Ginekologia Polska nr 12-6

 

ORIGINAL PAPER / GYNECOLOGY

2D/3D ultrasonography for endometrial evaluation in a cohort of 118 postmenopausal women with abnormal uterine bleedings

Grzegorz Stachowiak1, Agnieszka Zając1, Magdalena Pertynska-Marczewska2, Tomasz Stetkiewicz1

1Department of Operative Gynecology and Gynecological Oncology, Polish Mother’s Memorial Hospital Research Institute, Lodz, Poland
2Independent Consultant in Obstetrics and Gynaecology, Private Practice, New Malden, United Kingdom

Corresponding author:

Grzegorz Stachowiak

Department of Gynecology and Gynecological Oncology

Polish Mother’s Memorial Hospital Research Institute

Rzgowska St. 281/289, Lodz, Poland

e-mail: gstach23@interia.pl

ABSTRACT

Objectives: 2D/3D transvaginal ultrasonography in evaluation of endometrium in postmenopausal women with abnormal uterine bleedings (AUB).

Material and methods: 2D/3D transvaginal ultrasonography (TVU) was performed in 118 menopausal women with AUB. Endometrial volume and thickness, uterine volume and endometrial vascularity were evaluated.
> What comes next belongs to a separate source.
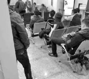 网友“黑Y_Y是聪明的nana”在微博中曝光一张照片,疑似汤唯(画圈处)坐在银行大厅等候区的椅子上

Complete histologic evaluation of the endometrium was obtained through dilatation & curettage (D&C) and/or hysteroscopy. Accordingly, patients were divided into 3 groups: controls (no endometrial pathology, n = 49), GI (benign endometrial pathology, n = 37), GII (endometrial carcinoma, n = 32).

Results: GII had greater thickness and volume of the endometrium, compared to GI and controls. The presence of arterial vascular flow was identified only in GI and GII (51.35% and 93.75%, respectively). Endometrial volume merged together with uterine volume measurements (TVU-3D) showed a strong, statistical significance between GI and GII, allowing differentiation of begin and malignant endometrial pathologies in postmenopausal women.

Conclusions: In TVU diagnostics of postmenopausal women with AUB the following play the most significant role: 1) endometrial thickness (TVU-2D); 2) endometrial volume (TVU-3D); 3) uterine plus endometrial volume (TVU-3D); 4) vascularization within the endometrium, allowing to differentiate between pathological and normal endometrium (TVU-2/3D). Evaluation of the endometrial vascularity, both in TVU-2D and TVU-3D technique, does not allow for reliable differentiation between benign lesions and endometrial cancer.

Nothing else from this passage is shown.